その他 蔵の記憶
公開:2026/03/11 更新:2026/04/23

伝えたい「蔵」の記憶(311)映画帰りのお楽しみ

2012年から釧路新聞・文化欄で連載された木村浩章さんの「伝えたい「蔵」の記憶」を全回数分デジタル掲載します。屋号などの特殊文字については仮名表記に修正。見出し、本文、写真につきましては掲載当時のままとさせていただきます。

2019.9.30

 戦後の食糧事情は、昭和20年から25年飢餓段階、同26年から30年戦前水準復帰段階、同31年から40年近代化段階と、食生活の変化が「変わりゆく食生活」(田崎龍一味の素中央研究所)に記述されています。

 昭和32年1月10日の釧路新聞「余塵」には、食糧不足の時代と食糧の豊富になった時代のパン業者について米の代用品からおいしいパンづくりへと転換していく取り組みを紹介しています。食糧事情が改善された釧路市民の食生活の変化を窺わせています。

有名飲食店の広告

 写真は、昭和32年1月10日釧路新聞に掲載された北大通り、末広町の有名飲食店の広告が、当時の市民の食生活を伝えています。茶の間で卓袱台を囲む一家団欒の光景の時代に「新年の御会合や映画のお帰りには…」のキャッチフレーズで外食を呼びかけています。

 ナイフとフォークを使う洋食のトキワグリル、とんかつ洋食A1(エーワン)と、子供から大人まで楽しんだラーメン・ワンタンの銀水、ラーメン・焼きそばのばってん、高級な味を楽しむ名代寿しの江戸っ子と東寿し、老舗八千代寿司、和食の釜めしとおでんのかわ瀬、天ぷらのたむら、老舗の東家。有名飲食店が名前を連ねています。
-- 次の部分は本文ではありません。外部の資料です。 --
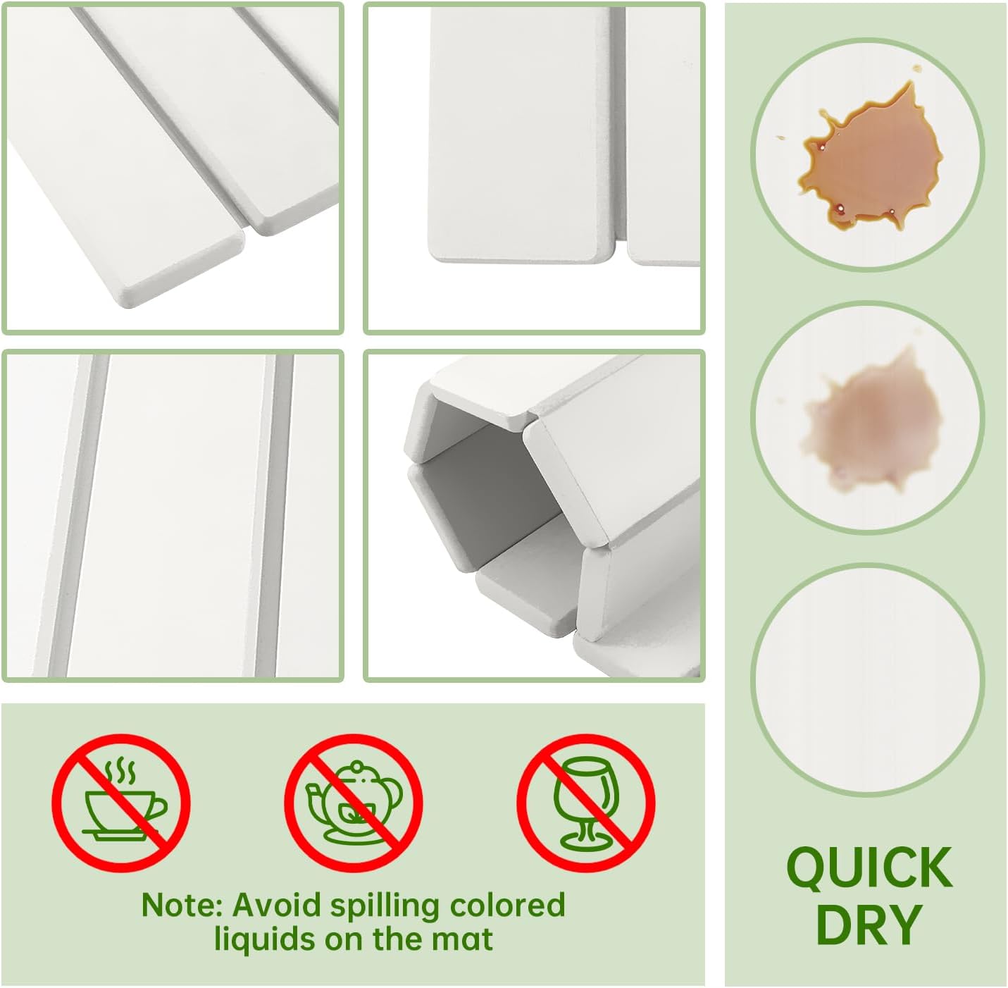 - Foldable and Space-Saving Design: The collapsible design allows quick dry stone mat kitchen to be conveniently rolled or folded for easy storage in drawers or cabinets, making stone drying mat for dishes an excellent space-saving solution for any home
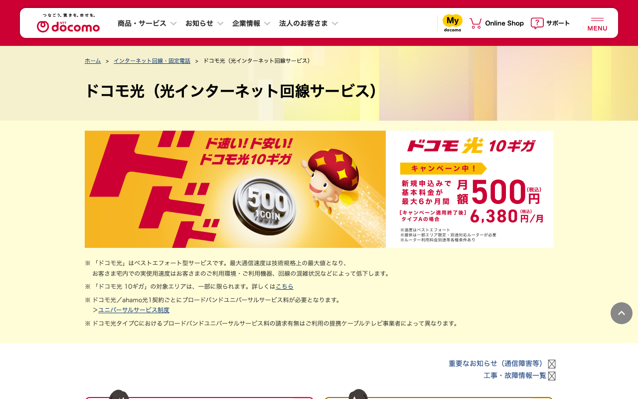 ドコモ光(光インターネット回線サービス) | インターネット回線・固定電話 | NTTドコモ
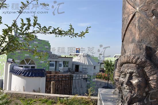 这是8月16日拍摄的达坂城区阿克苏乡“鹰舞庄园”一户哈萨克族定居牧民居住的别墅院落。
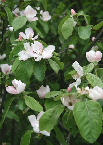 Flowers are 4–5 cm across on tomentose pedicel with caducous, ovate bracts with campanulate hypanthium which is densely tomentose abaxially; sepals 5, ovate or broadly lanceolate, 5–6 mm, longer than hypanthium, both surfaces tomentose, margin glandular serrate, apex acute; petals 5, white or pinkish, 1.8 cm long; stamens less than 1/2 as long as petals. Styles are nearly as long as stamens, densely villous basally.
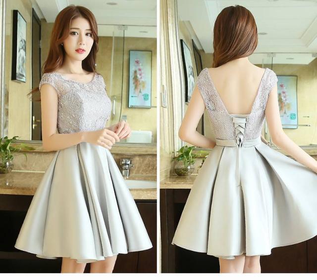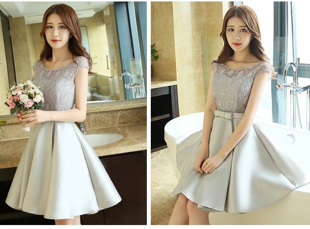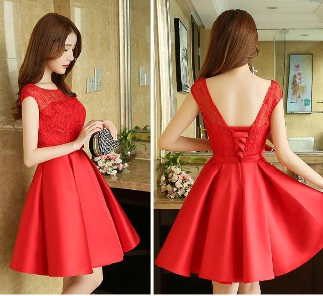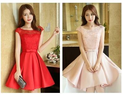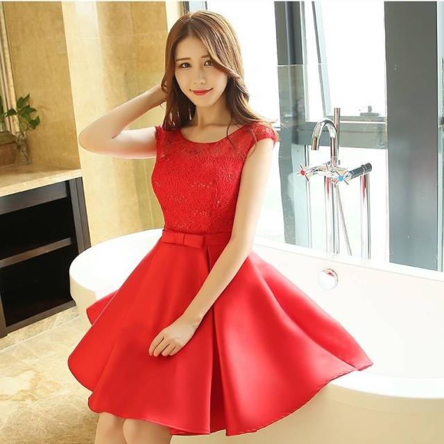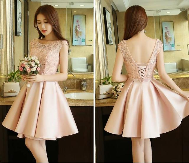 パーティードレス ワンピースドレス 春夏 デート 女子会 記念日 ピンク シャンパン 大きいサイズ ひざ丈 フレンチスリーブ 半袖 袖あり Aライン Xライン フレア 刺繍 レース 花柄 透け感 シースルー ラウンドネック 20代 30代 大人かわいい フェミニン ガーリー
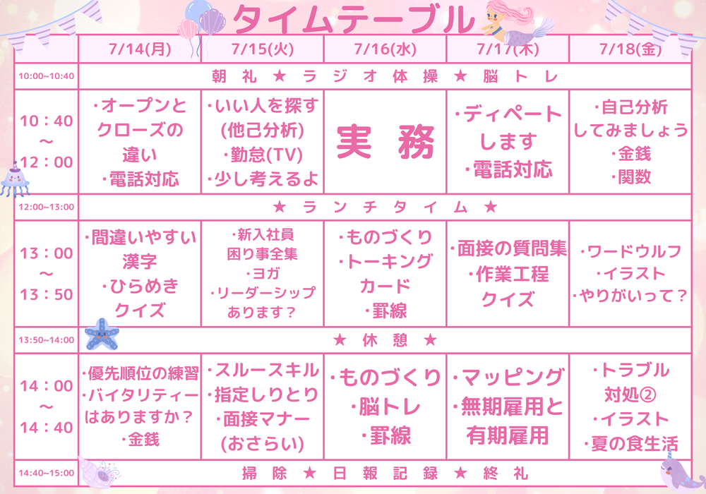 FUNsでは、1週間ごとに様々なプログラムを準備しています♪
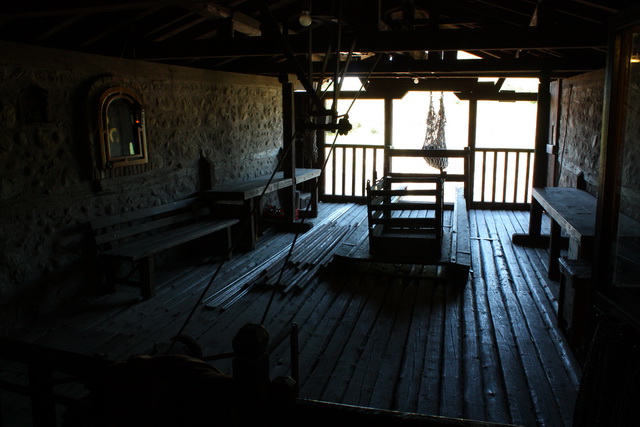 Вот так раньше поднимали монахов, в корзинах. Теперь у монахов есть канатные дороги, туристы топают по ступенькам (их очень не мало!), а в корзинах поднимают дрова и стройматериалы.
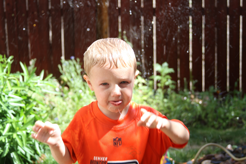 The kids started getting restless in the little house and so I hooked up a wacky water thingy and let them cool off a bit in the backyard, much to their delight!
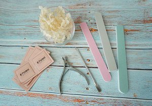 自己卸甲/拆甲工具包括光疗卸甲包、夹箝、推棒、粗磨棒、细砂磨棒和抛光棒。
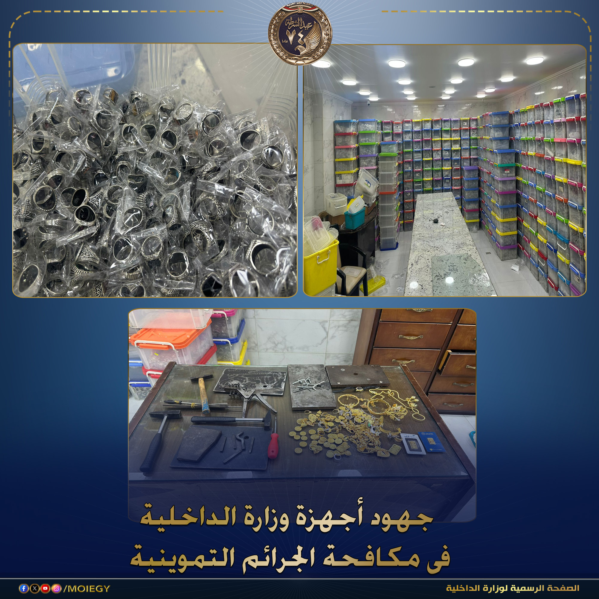 في إطار جهود وزارة الداخلية لمكافحة جرائم الغش التجاري في المعادن النفيسة، تمكنت الإدارة العامة لشرطة التموين والتجارة بقطاع الأمن الاقتصادي بالإسكندرية من ضبط شخصين مقيمين بدائرة قسم شرطة أول الرمل لقيامهما بالاتجار في المشغولات الذهبية والفضية المهربة جمركياً ومجهولة المصدر.
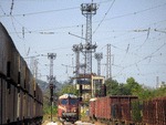 06114-3 on central railway station Sofia with freight train.
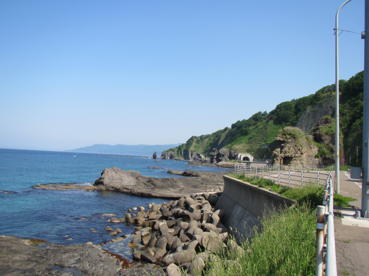 波打ち際の道路沿いにありますが、岩の前に何台か停められる駐車スペースもあって、車でも寄りやすいです。
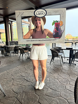 Sangria University is held at Three Bridges Bar & Grill at Disney’s Coronado Springs Resort. It’s a 90-minute class of the history of sangria making (with a little Disney history sprinkled in) that includes four samples of a variety of sangrias and a light appetizer. You learn about each sangria on the flight – each a different variety including a red, a white, a rosé and a sparkling sangria. The class concludes with a final exam where students create their own sangrias choosing from a variety of wine bases, liquor options, enhancements and flavors.
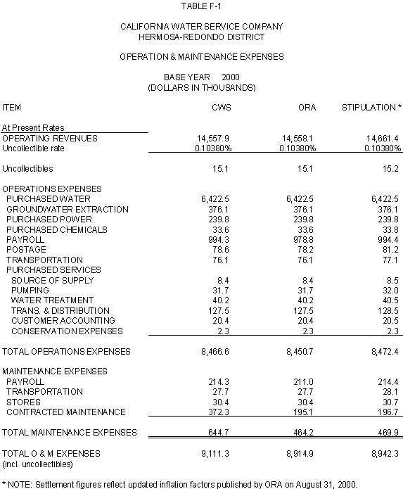 5.06 Based on a review of recorded data for 2000, the Parties agree that CWS's estimate of nonspecific expenditures for the Base Case in the Hermosa-Redondo District is reasonable and that ORA's estimate should be increased by $50,000.
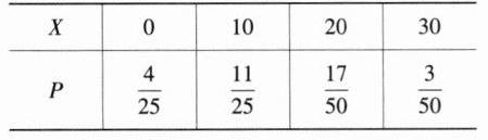 $\therefore E(X)=0\times\frac{4}{25}+10\times\frac{11}{25}+20\times\frac{17}{50}+30\times\frac{3}{50}=13$。
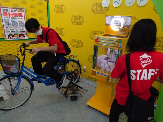 (※「自転車を漕ぐ人」1人と「クレーンゲームを操作する人」1人が必要なため)
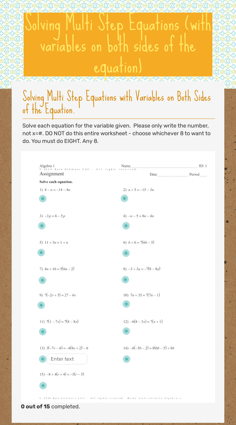 Free trial available at kutasoftware.com. Math monks solving equations with variables on both sides solve each equation. Perform any distributive property shown in the equation. Combine any like terms in the equation (do not.
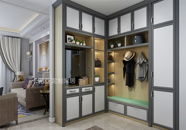 為了防止空間不足,設(shè)計(jì)師做了到頂處理,開放空間用于放置傘、手表之類的出門必備物品。
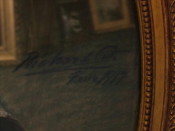 | Portrait of a lady, Half length standing, wearing a dark purple dress and pearls | |
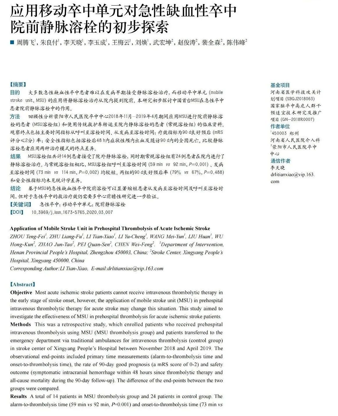 摩科特論文集│應用移動(dòng)卒中單元對急性缺血性卒中院前靜脈溶栓的初步探索
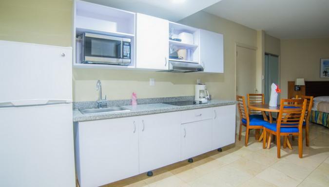 Studio: в номере – спальня с гостевой зоной, полностью оборудованная кухня, ванная комната. В спальне – кровать "king-size". В некоторых номерах дополнительно – диван-кровать. В кухне - утюг, кофеварка, кухонная плита, микроволновая печь, холодильник, тостер.
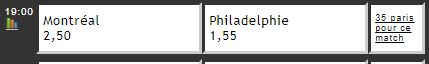 Je m'attends à un duel inégal et sincèrement, la cote de 1,55 des Flyers m'intéresse beaucoup. #Miseojeu
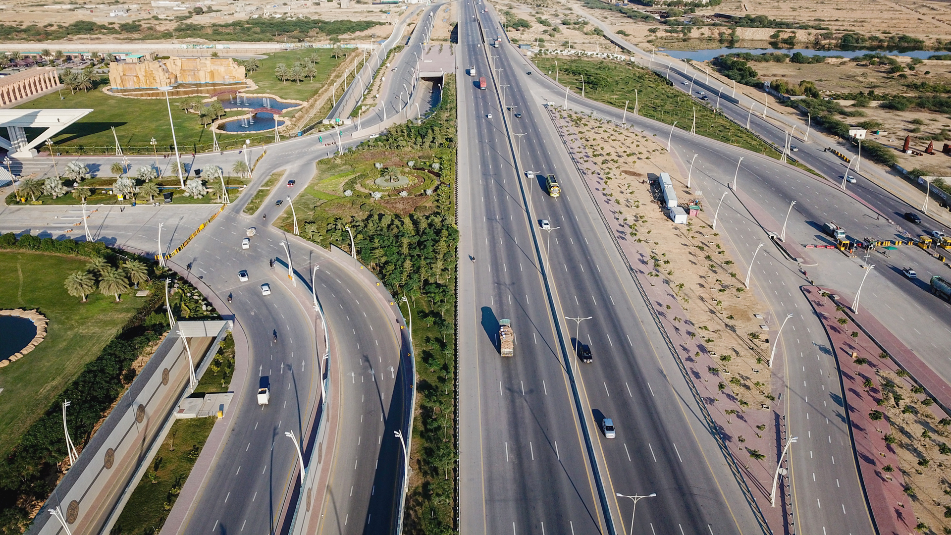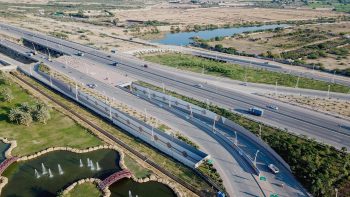 8 km long, the projects include 3 underpasses, multiple slip roads, access roads, service roads, part of M9 that passes through the interchange, extension of an existing bridge, construction of a new bridge, and a causeway. The 35 acres of land on which the project has been built is a beautiful combination of horticulture and infrastructure where elements such as trees, shrubs, and plants are used artistically alongside the network of roads, pavers, and walkways. Modern drainage system is also part of the project. The part of M9 that passes through the interchange widens into a 4-lane for more ease. The interchange area has also been cordoned off by an 8 feet high grill and a 3 feet-high guard rail.
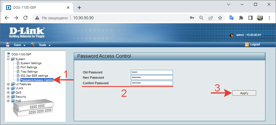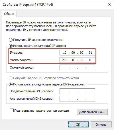 IP-адрес коммутатора (первоначальный): 10.90.90.90, по этому назначаем сетевому адаптеру ПК IP-адрес в том же диапазоне.
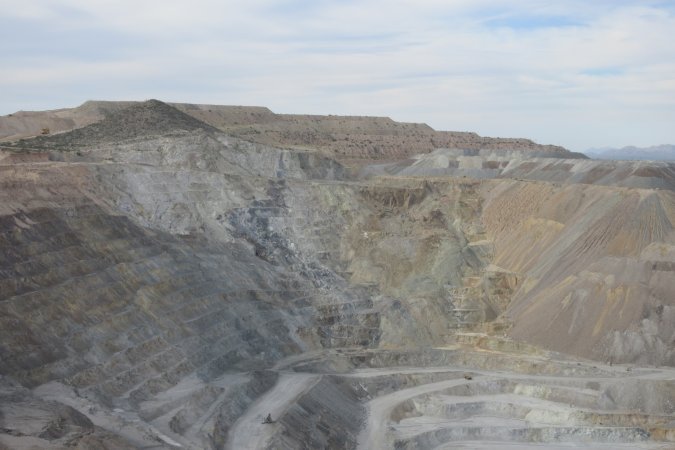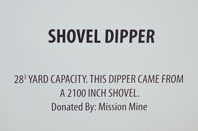 The mine is call "Mission mine." It is 1/4 of a mile deep, two miles long, north to south and 3/4 of a mile wide.
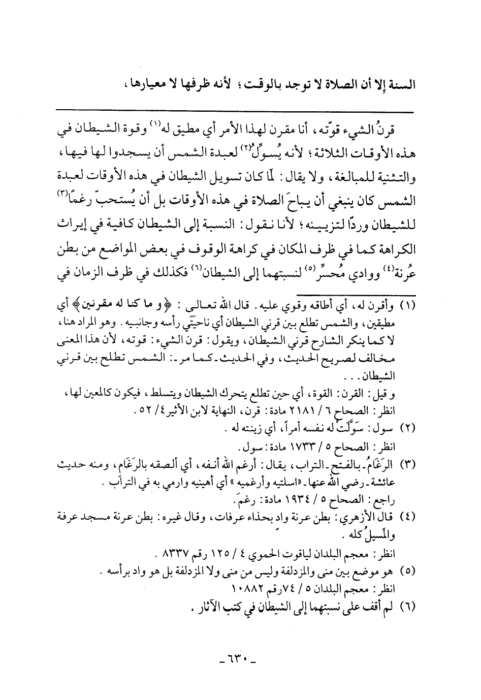 قرن الشيء قوته، أنا مقرن لهذا الأمر أي مطيق له وقوة الشيطان في هذه الأوقات الثلاثة؛ لأنه يسول لعبدة الشمس أن يسجدوا لها فيها، والتثنية للمبالغة، ولا يقال: لما كان تسويل الشيطان في هذه الأوقات لعبدة الشمس كان ينبغي أن يباح الصلاة في هذه الأوقات بل أن يستحب رغمًا للشيطان وردًا لتزيينه؛ لأنا نقول: النسبة إلى الشيطان كافية في إيراث الكراهة كما في ظرف المكان في كراهة الوقوف في بعض المواضع من بطن عرنة ووادي محسر لنسبتهما إلى الشيطان فكذلك في ظرف الزمان في

 家族が気楽に楽しめるラーメンとそば、少しおしゃれな洋食、くつろいで楽しむ和食が揃い、市民の食生活の楽しみが増えています。

 昭和32年の釧路は、原田康子の挽歌の映画ロケが市内で行われ映画ブームを迎えます。戦後復興を乗り越えた市民が、映画の帰りに家族、友人と食事をしながら楽しい時間を過ごす様子は市民の食生活が新しい時代を迎えた楽しい記憶です。